(Source records Opens)

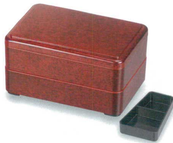
後藤塗内黒 江戸弁当 5284-07 蓋 16.9×11.3×1.8 (A) ウ ¥900 5284-08 親 (爪有) 16.9×11.3×3.9 (A) ウ ¥1,100 5284-09 仕切 10.4×7.5×2.8 (A) ¥280 5284-10 二段 (仕切別) 16.9×11.3×8.8 (A) ウ ¥3,100 63-7231-1 63-7231-2 63-723-3
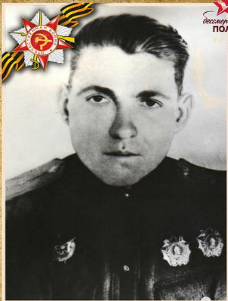
Горбунов Николай Иванович лётчик Герой Советского союза

Н.И. Горбунов (15. 01. 1918 -19.05.1944 гг)
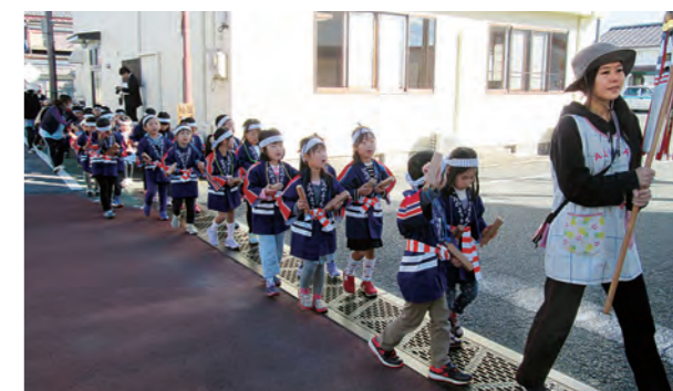
←大きな声で「火の用心！」

11月16日、防火パレードを行いました。ハッピーと拍子木で気分はすっかり消防団。町の中を「火の用心！」と大きな声で防火を呼びかけてきました。いつものお散歩よりちょっぴり疲れたけど、寒さも吹き飛ばす子どもたちの元気な声が響いていました。

(Source records Closes)

» **Your instructions**: Retype all the data exactly. Omit pictures.

» **Written solution**:
後藤塗内黒 江戸弁当 5284-07 蓋 16.9×11.3×1.8 (A) ウ ¥900 5284-08 親 (爪有) 16.9×11.3×3.9 (A) ウ ¥1,100 5284-09 仕切 10.4×7.5×2.8 (A) ¥280 5284-10 二段 (仕切別) 16.9×11.3×8.8 (A) ウ ¥3,100 63-7231-1 63-7231-2 63-723-3
Горбунов Николай Иванович лётчик Герой Советского союза

Н.И. Горбунов (15. 01. 1918 -19.05.1944 гг)
←大きな声で「火の用心！」

11月16日、防火パレードを行いました。ハッピーと拍子木で気分はすっかり消防団。町の中を「火の用心！」と大きな声で防火を呼びかけてきました。いつものお散歩よりちょっぴり疲れたけど、寒さも吹き飛ばす子どもたちの元気な声が響いていました。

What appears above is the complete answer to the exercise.